Wäre es akzeptabel, wenn sie jahrelang ganze Dörfer mit unbemannten Drohnen bombardieren, in der Hoffnung neben den zahlreichen zivilen Opfern auch einen mutmaßlichen Terroristen zu töten? Wäre es vertretbar wenn bei diesem "Befreiungskrieg" Millionen von unschuldigen Zivilisten sterben? Oder die ganze Bevölkerung, wie im Irak, nachhaltig mit Uranmunition verseucht wird? Wäre es hinzunehmen, wenn sie dich eines Morgens aus deinem Bett ziehen, und dich für den Rest deines Lebens in einem Gefangenenlager halten und foltern? Und das nur, da dein Nachbar - der dich noch nie Leiden konnte, weil du Schalke Fan bist - fälschlicherweise bei der neuen Regierung gemeldet hat, dass du terroristische Akte planst?
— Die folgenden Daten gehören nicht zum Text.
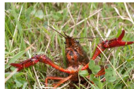
Ecrevisse de Louisiane.

Pour en savoir plus, visitez le site du GT IBMA et de la DREAL Auvergne et consultez les supports de présentation et d'identification des espèces, ou contactez David Happe , chargé de mission connaissance et conservation des espèces.
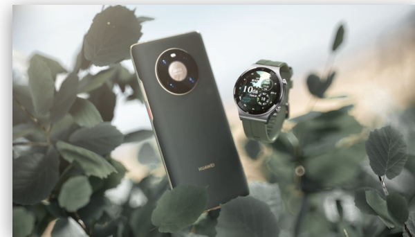
比斯开绿-生命与成长
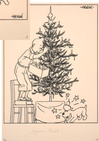
Hergé (Georges Rémi dit), Carte neige, encre de Chine et aquarelle sur papier, 1942/1943, dessin original et édition imprimée, estimation: 60 000 - 120 000 € / 66 000 - 132 000 $
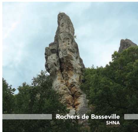
Rochers de Basseville SHNA

Ainsi, la Société d'Histoire Naturelle d'Autun a effectué en 2017 un premier inventaire des chauves-souris sur l'ensemble du site Natura 2000.
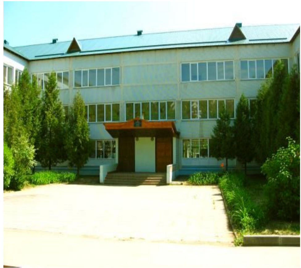
МОУ Лицей г. Истры.

Комфортные условия обучения, высокий уровень образования, эмоционально привлекательная, воспитывающая среда, яркие традиции – все это сделало Лицей востребованным для учащихся и их родителей.
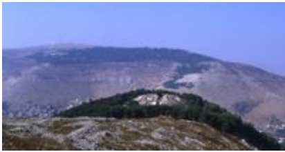
Abb. 1 Der Ebal vom Garizim aus gesehen.

Der Berg Ebal, Ġebel Islāmīje (Koordinaten: 175.182; N 32° 13' 59" , E 35° 16' 23" ; 938 m hoch), liegt nordwestlich von → Sichem , nördlich des Passes, der von Sichem nach Westen führt und an dessen Südseite sich der Berg → Garizim befindet. Er liegt damit an zentraler Stelle in Samaria, wo sich bei Sichem eine Ost-West-Straße und die Höhenstraße
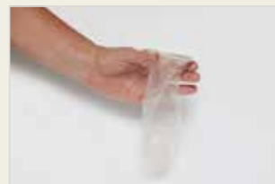
Frauenkondom Kandoma Jinan
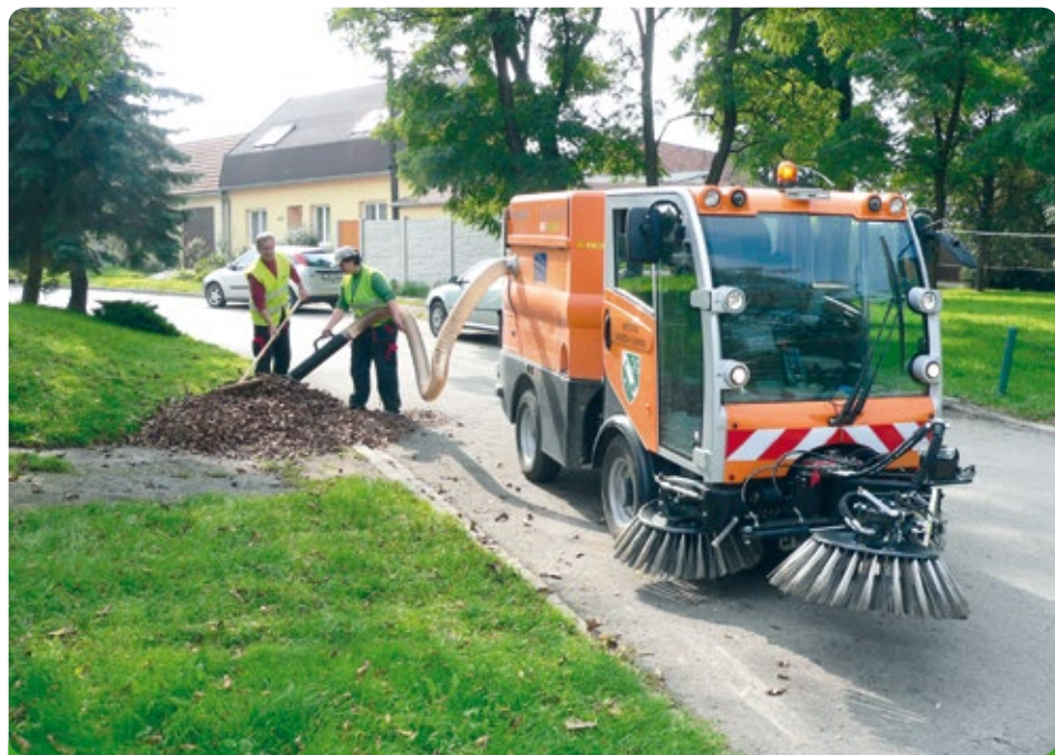
Nový zametací vůz - zvaný Kocour
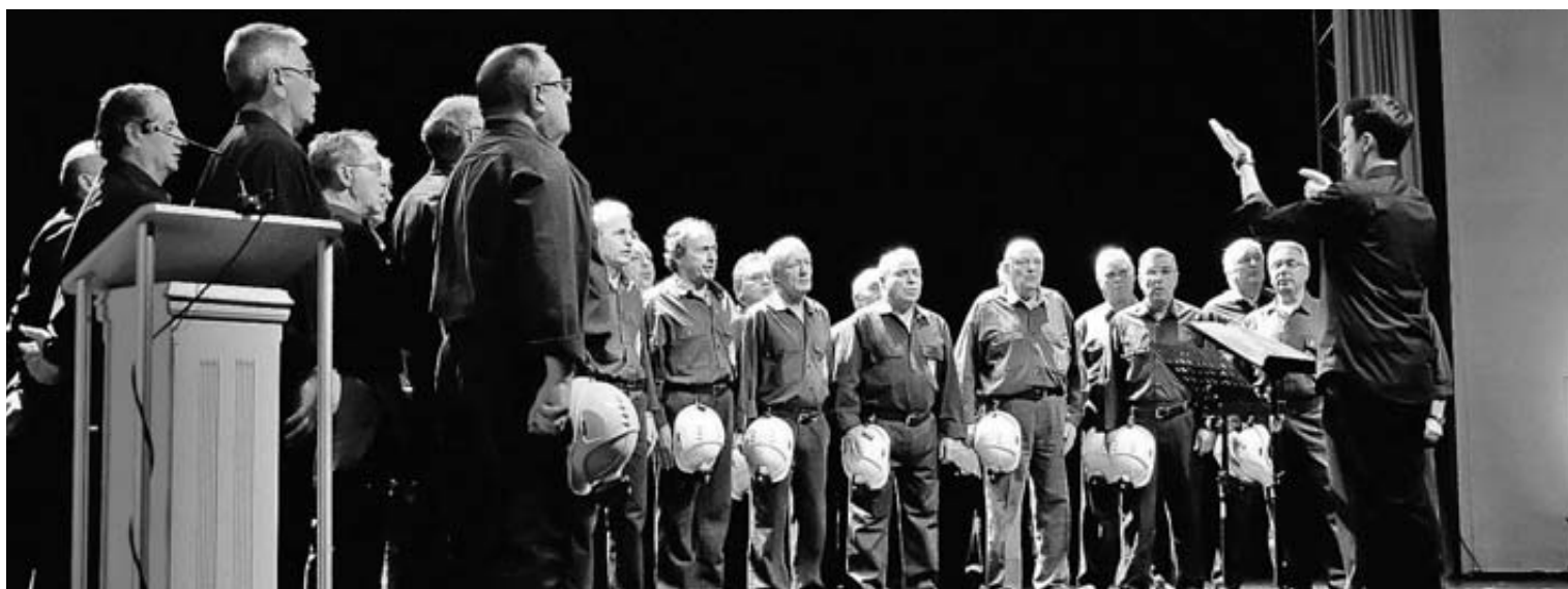
Coro Minero de Turón.

La verbena de la noche en el parque Dolores Fernández Duro contará con dos grandes orquestas espectáculo: de Asturias, “Sonora Real”, y de Galicia, la orquesta “Panamá”. Las actuaciones comenzarán a las 23 horas y el segundo pase de la orquesta gallega está anunciado para las 03.30 de la madrugada. En definitiva, música para escuchar y bailar mientras el cuerpo aguante y dejar reservas para la jornada del miércoles, fiesta local en Langreo, y la multitudinaria jira del jueves.
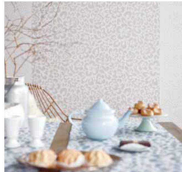
WALLPAPER RELAX IN WINTER 5,33 qm € 21,95 - € 24,95
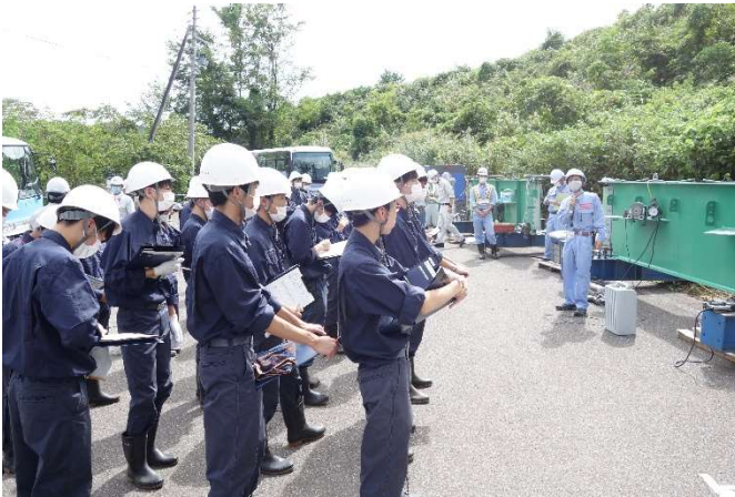
妙高大橋での説明

11日は、本校で「働く」ことについて講義を受け、8班に分かれて、ディスカッションを行いました。そこでは、職業の選択方法等について質疑応答を行いながら、今後の進路選択の参考にすることができました。
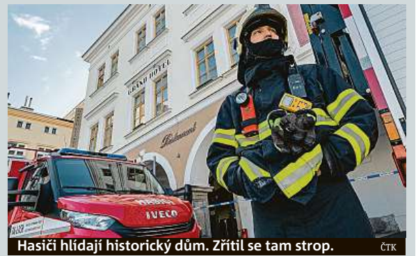
Hasiči hlídají historický dům. Zřítel se tam strop. ČTK
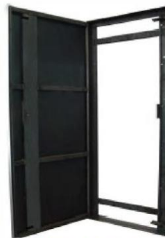
PUERTA MODELO B ABIERTA
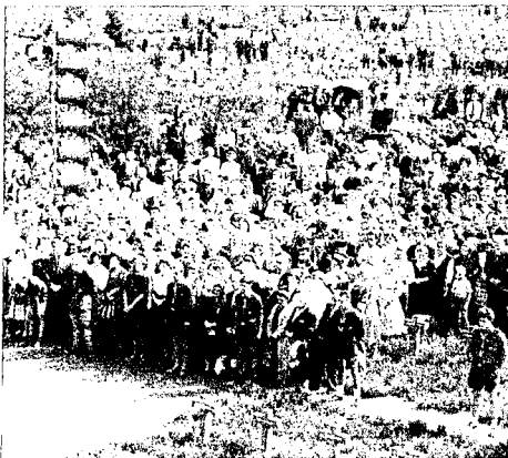
Einweihung des Friedhofs Lommel/Belgien am 6. September 1959

Hinterbliebenen, sondern auch der Erinnerung an die Geschichte und unübersehbare Mahnung zum Frieden an die Menschen aller Generationen aus allen Ländern. Auch die kleineren Friedhöfe im Westen und die neuen Friedhöfe im Osten werden besucht, doch ist es dort zur Zeit unmöglich, die Besucher zu registrieren. Nach Schätzungen des Volksbundes besuchen jährlich über eine Million Menschen die deutschen Kriegsgräberstätten im Ausland. □
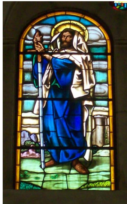
Cuadro de Segrelles representando a San Pablo convertido en vidriera

Ambas vidrieras en el cimborrio del Altar Mayor de San Roque

Aber vielleicht hast du ja Glück und kommst nach einigen Jahren frei, da irgendein hinterhältiger Whistleblower / Vaterlandsverräter / Terrorist über die grausamen Foltermethoden ausgeplaudert hat.

 

Wenn wir dies für uns selbst nicht akzeptieren, wieso lassen wir unsere Politiker damit gegenüber Anderen durchgehen? Sind wir schon so sehr an Skandale gewöhnt, dass uns Menschenrechtsverletzungen nicht mehr berühren? Sind „diese Araber" weniger wert als wir im Westen? Erwarten wir ernsthaft, dass die Generation, die im Irak unter dem US-Krieg aufwächst dem Westen gegenüber freundlich gesinnt ist? Wenn Millionen von Menschen vertrieben und eine halbe Millionen getötet wurden? Bei einem Krieg der von Anfang an auf Lügen basierte? Wenn die Opfer dieser „bösen“ Länder miterleben wie Bush und Obama immer noch auf freiem Fuß sind, anstatt für alle Verstöße gegen internationales Kriegs- und Völkerrecht bestraft zu werden? Wofür sind die Gesetze dann überhaupt da? Oder gelten sie etwa nur für die "Anderen"? Wir können nur hoffen, dass sie uns all das verzeihen. Das sie uns verzeihen, dass wir die Handlungen unserer Politiker legitimiert haben, indem wir ihnen unsere Wahl-„Stimme“ gaben und dann nur noch schwiegen.

 

Es geht hierbei nicht darum den, in welcher Form auch immer, existierenden Terrorismus schönzureden. Wir sollten nur aufhören uns von unseren Politikern wie Kampfhunde dressieren zu lassen, indem sie uns sagen wen wir zu hassen und wem zu gehorchen haben. Wir sollten uns von ihrem Pragmatismus nicht blenden lassen. Wenn sie uns immer wieder weismachen wollen, dass ihre Handlungen die einzige Alternative sind, so tun sie dies nur, um von ihren wirklichen Intentionen abzulenken. Es wäre – für uns selbst und für die Weltgemeinschaft insgesamt – fatal, wenn wir zulassen, dass uns menschliche Werte wie Verantwortung und Empfindung beraubt werden. Und erst wenn wir mit uns selbst im Reinen sind, können wir auch unsere Politik bereinigen.

 

Aber dazu muss uns endgültig klar werden, dass wir nicht die "Guten" und die Anderen die "Bösen" sind. Wir müssen aufhören mit zweierlei Maß zu messen und dieses kolonialistische Gedankengut endlich hinter uns lassen. Im Allgemeinen ist "Terrorismus" nur ein leeres Wort, in etwa genauso wie "links" und "rechts". Es hat immer einen anderen Bezug, je nach dem wo man selbst steht. Barack Obama ist in den Augen vieler Menschen kein geringerer Terrorist als Osama bin Laden. Somit sollte jeder, der als Terrorist bezeichnet wird, auch nur mit dem Gesetz bekämpft werden und zumindest das Recht haben sich in einem unabhängigen internationalen Gerichtsverfahren zu äußern, anstatt - ohne es selbst jemals zu wissen - auf Obamas "Kill-List" zu landen und getötet zu werden. Nur das entspräche einer echten Demokratie und Diplomatie. Gewalt sollte niemals als Lösung angesehen werden. "Auge um Auge" zählt in einer globalisierten Welt nicht mehr. Spätestens seit Jesus sollte das doch eh schon aus der Mode sein.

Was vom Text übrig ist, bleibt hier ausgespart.